§ WHAT TO PRODUCE
Transcribe all of the records word for word, please, omitting the pictures.

[TASK MATERIAL — start]

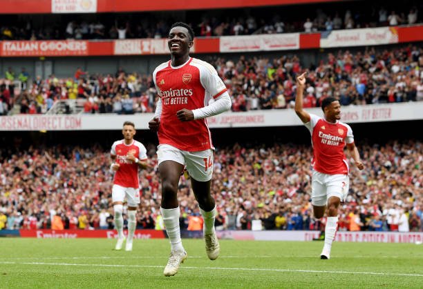 LONDON, ENGLAND – AUGUST 12: Eddie Nketiah of Arsenal celebrates after scoring the team’s first goal during the Premier League match between Arsenal FC and Nottingham Forest at Emirates Stadium on August 12, 2023 in London, England. (Photo by Stuart MacFarlane/Arsenal FC via Getty Images)
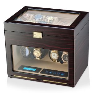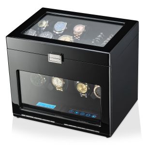 Unlike devices for winding 3 or 4 wristwatches, automatic watch winders for 8+ watches provide much more options. Most of them have an LCD for displaying the operating mode of each rotor. Almost all devices have a built-in LED light that allows you to admire your watch collection during winding.
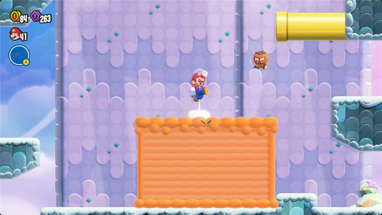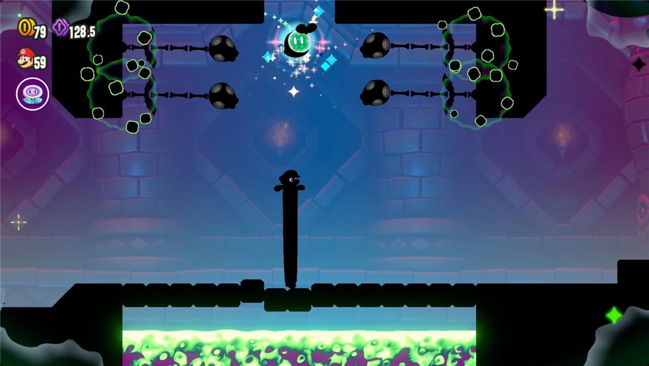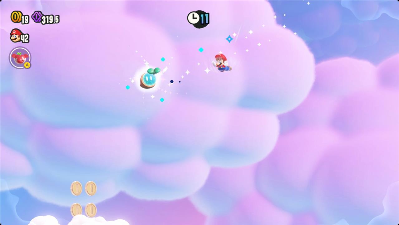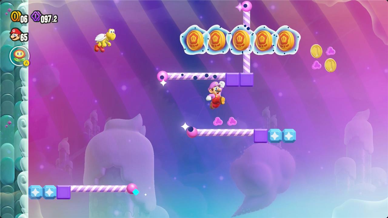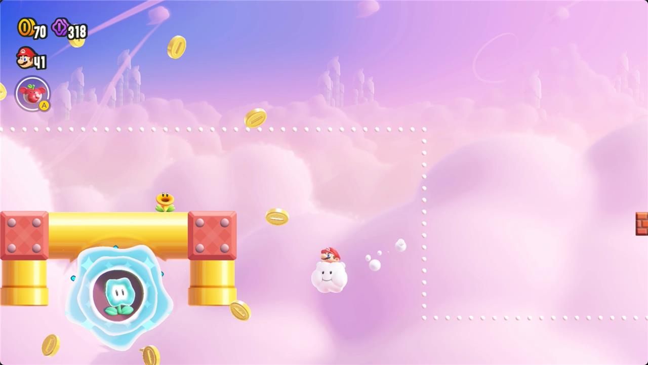 Most levels will have a Wonder Flower to collect. This special flower triggers a trippy reframing of the current level – sometimes the gravity disappears or you enter a twilight realm or multihued bubbles will carry you into the sky. Many of the Wonder Flower sequences end with a Wonder Seed.
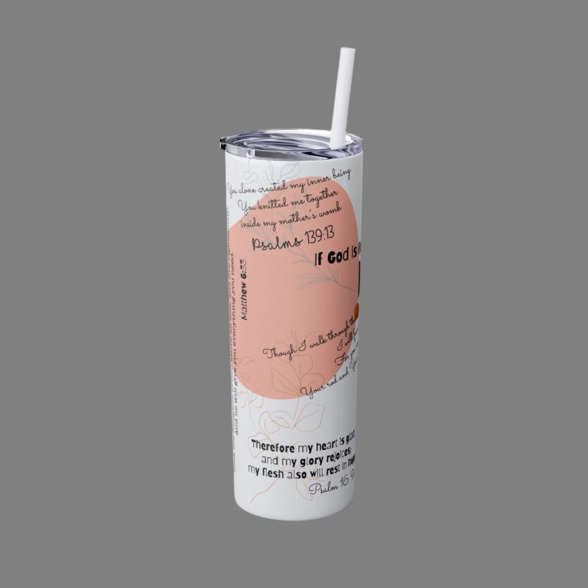 The Bible Verse tumbler is perfect for daily use for your hot or cold drinks. Hot drinks stay warm for up to 12 hours (depending on weather conditions) and cold drinks stay cold for up to 20 hours (depending on weather conditions). Give it as a gift or keep it for yourself! Perfect for keeping yourself reminded of God's great power. Our premium 20oz skinny tumbler with straw comes with a glitter iceberg base and matching straw. If you’re interested in a different color please reach out as we will be able to customize the tumbler for you at no extra charge.
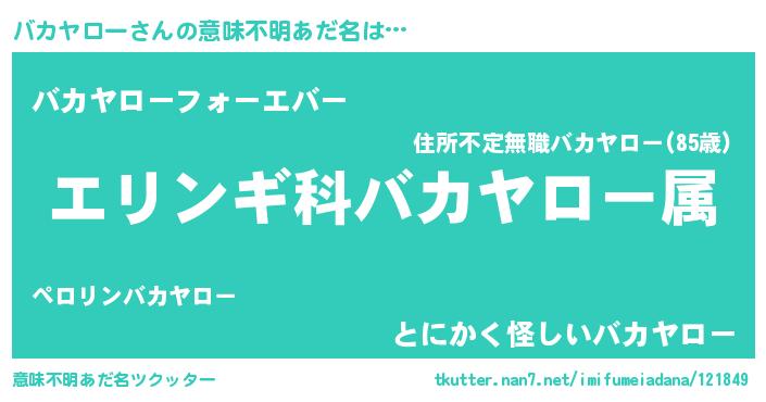 | 男性向けラノベタイトル風あだ名 | 『バカヤロースレイヤー』 |
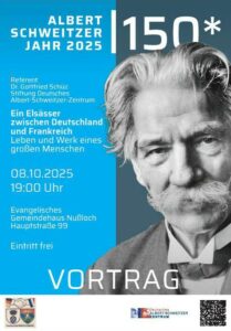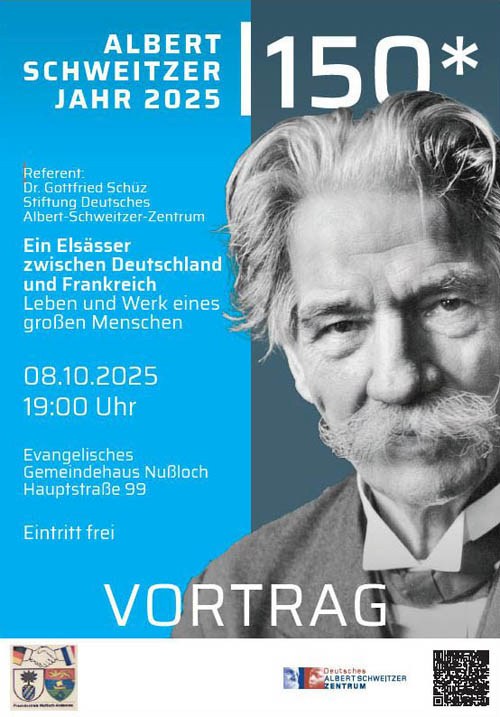 Der Partnerschaftsverein „Freundeskreis Nußloch-Andernos e.V.“ lädt ein zu einer besonderen Veranstaltung im Albert Schweitzer Jahr 2025. Der 150. Geburtstag und der 60. Todestag des evangelischen Theologen, Philosophen, Musikers, Arztes und Friedensnobelpreisträgers Dr. Albert Schweitzer ist Anlass, sich speziell mit dem Humanisten und Menschenfreund zu befassen.

[TASK MATERIAL — finish]

§ SOLUTION
 LONDON, ENGLAND – AUGUST 12: Eddie Nketiah of Arsenal celebrates after scoring the team’s first goal during the Premier League match between Arsenal FC and Nottingham Forest at Emirates Stadium on August 12, 2023 in London, England. (Photo by Stuart MacFarlane/Arsenal FC via Getty Images)
 Unlike devices for winding 3 or 4 wristwatches, automatic watch winders for 8+ watches provide much more options. Most of them have an LCD for displaying the operating mode of each rotor. Almost all devices have a built-in LED light that allows you to admire your watch collection during winding.
 Most levels will have a Wonder Flower to collect. This special flower triggers a trippy reframing of the current level – sometimes the gravity disappears or you enter a twilight realm or multihued bubbles will carry you into the sky. Many of the Wonder Flower sequences end with a Wonder Seed.
 The Bible Verse tumbler is perfect for daily use for your hot or cold drinks. Hot drinks stay warm for up to 12 hours (depending on weather conditions) and cold drinks stay cold for up to 20 hours (depending on weather conditions). Give it as a gift or keep it for yourself! Perfect for keeping yourself reminded of God's great power. Our premium 20oz skinny tumbler with straw comes with a glitter iceberg base and matching straw. If you’re interested in a different color please reach out as we will be able to customize the tumbler for you at no extra charge.
 | 男性向けラノベタイトル風あだ名 | 『バカヤロースレイヤー』 |
 Der Partnerschaftsverein „Freundeskreis Nußloch-Andernos e.V.“ lädt ein zu einer besonderen Veranstaltung im Albert Schweitzer Jahr 2025. Der 150. Geburtstag und der 60. Todestag des evangelischen Theologen, Philosophen, Musikers, Arztes und Friedensnobelpreisträgers Dr. Albert Schweitzer ist Anlass, sich speziell mit dem Humanisten und Menschenfreund zu befassen.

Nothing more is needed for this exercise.